In other embodiments, the mobile device may omit determining a combined characteristic
value, for example, such as when the voice activity metric is not based on a combined
characteristic value.
[0119] The mobile device proceeds to block 750 and determines, calculates, or otherwise
generates a voice activity metric based at least in part on one or more of the speech
characteristic value, the noise characteristic value, and the combined characteristic
value. In one embodiment, the mobile device is configured to determine a ratio of
the speech autocorrelation value to the combined cross correlation value. In another
embodiment, the mobile device is configured to determine a ratio of the speech energy
value to the noise energy value. The mobile device may similarly determine other activity
metrics using other techniques.
[0120] The mobile device proceeds to block 760 and makes the voice activity decision or
otherwise determines the voice activity state. For example, the mobile device may
make the voice activity determination by comparing the voice activity metric against
one or more thresholds. The thresholds may be fixed or dynamic. In one embodiment,
the mobile device determines the presence of voice activity if the voice activity
metric exceeds a predetermined threshold.

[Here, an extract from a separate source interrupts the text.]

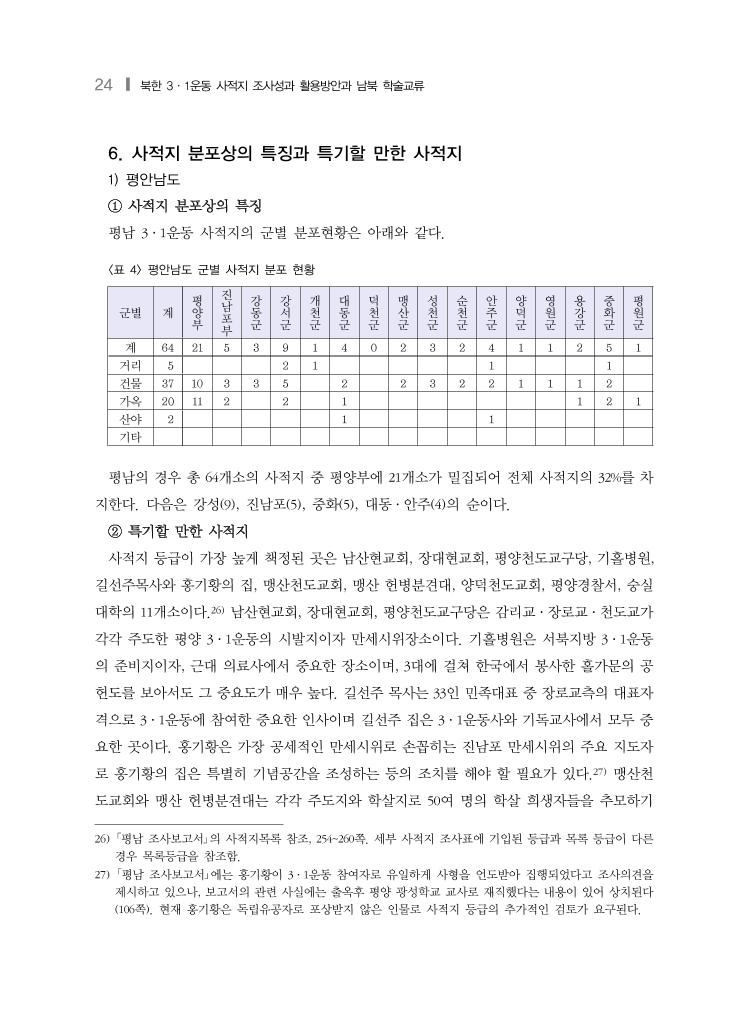 24 ❙ 북한 3·1운동 사적지 조사성과 활용방안과 남북 학술교류 6. 사적지 분포상의 특징과 특기할 만한 사적지 1) 평안남도 ① 사적지 분포상의 특징 평남 3·1운동 사적지의 군별 분포현황은 아래와 같다. 군별 계 평 양 부 진 남 포 부 강 동 군 강 서 군 개 천 군 대 동 군 덕 천 군 맹 산 군 성 천 군 순 천 군 안 주 군 양 덕 군 영 원 군 용 강 군 중 화 군 평 원 군 계 64 21 5 3 9 1 4 0 2 3 2 4 1 1 2 5 1 거리 5 2 1 1 1 건물 37 10 3 3 5 2 2 3 2 2 1 1 1 2 가옥 20 11 2 2 1 1 2 1 산야 2 1 1 기타 <표 4> 평안남도 군별 사적지 분포 현황 평남의 경우 총 64개소의 사적지 중 평양부에 21개소가 밀집되어 전체 사적지의 32%를 차 지한다. 다음은 강성(9), 진남포(5), 중화(5), 대동·안주(4)의 순이다. ② 특기할 만한 사적지 사적지 등급이 가장 높게 책정된 곳은 남산현교회, 장대현교회, 평양천도교구당, 기홀병원, 길선주목사와 홍기황의 집, 맹산천도교회, 맹산 헌병분견대, 양덕천도교회, 평양경찰서, 숭실 대학의 11개소이다.26) 남산현교회, 장대현교회, 평양천도교구당은 감리교·장로교·천도교가 각각 주도한 평양 3·1운동의 시발지이자 만세시위장소이다. 기홀병원은 서북지방 3·1운동 의 준비지이자, 근대 의료사에서 중요한 장소이며, 3대에 걸쳐 한국에서 봉사한 홀가문의 공 헌도를 보아서도 그 중요도가 매우 높다. 길선주 목사는 33인 민족대표 중 장로교측의 대표자 격으로 3·1운동에 참여한 중요한 인사이며 길선주 집은 3·1운동사와 기독교사에서 모두 중 요한 곳이다. 홍기황은 가장 공세적인 만세시위로 손꼽히는 진남포 만세시위의 주요 지도자 로 홍기황의 집은 특별히 기념공간을 조성하는 등의 조치를 해야 할 필요가 있다.27) 맹산천 도교회와 맹산 헌병분견대는 각각 주도지와 학살지로 50여 명의 학살 희생자들을 추모하기 26) 「평남 조사보고서」의 사적지목록 참조, 254~260쪽. 세부 사적지 조사표에 기입된 등급과 목록 등급이 다른 경우 목록등급을 참조함. 27) 「평남 조사보고서」에는 홍기황이 3·1운동 참여자로 유일하게 사형을 언도받아 집행되었다고 조사의견을 제시하고 있으나, 보고서의 관련 사실에는 출옥후 평양 광성학교 교사로 재직했다는 내용이 있어 상치된다 (106쪽). 현재 홍기황은 독립유공자로 포상받지 않은 인물로 사적지 등급의 추가적인 검토가 요구된다.

[0121] After determining the voice activity state, the mobile device proceeds to block 770
and varies, adjusts, or otherwise modifies one or more parameters or controls based
in part on the voice activity state. For example, the mobile device can set a gain
of a speech reference signal amplifier based on the voice activity state, can use
the voice activity state to control a speech coder, or can use the voice activity
state in combination with another VAD decision to control a speech coder state.
[0122] The mobile device proceeds to decision block 780 to determine if recalibration is
desired. The mobile device can perform calibration upon passage of one or more events,
time periods, and the like, or some combination thereof. If recalibration is desired,
the mobile device returns to block 710. Otherwise, the mobile device may return to
block 722 to continue to monitor the speech and noise reference signals for voice
activity.
[0123] Figure 8 is a simplified functional block diagram of an embodiment of a mobile device
800 with a calibrated multiple microphone voice activity detector and signal enhancement.
The mobile device 800 includes speech and noise reference microphones 812 and 814,
means for converting the speech and noise reference signals to digital representations,
822 and 824, and means for canceling echo in the speech and noise reference signals
842 and 844. The means for canceling echo operate in conjunction with means for combining
a signal 832 and 834 with the output from the means for canceling.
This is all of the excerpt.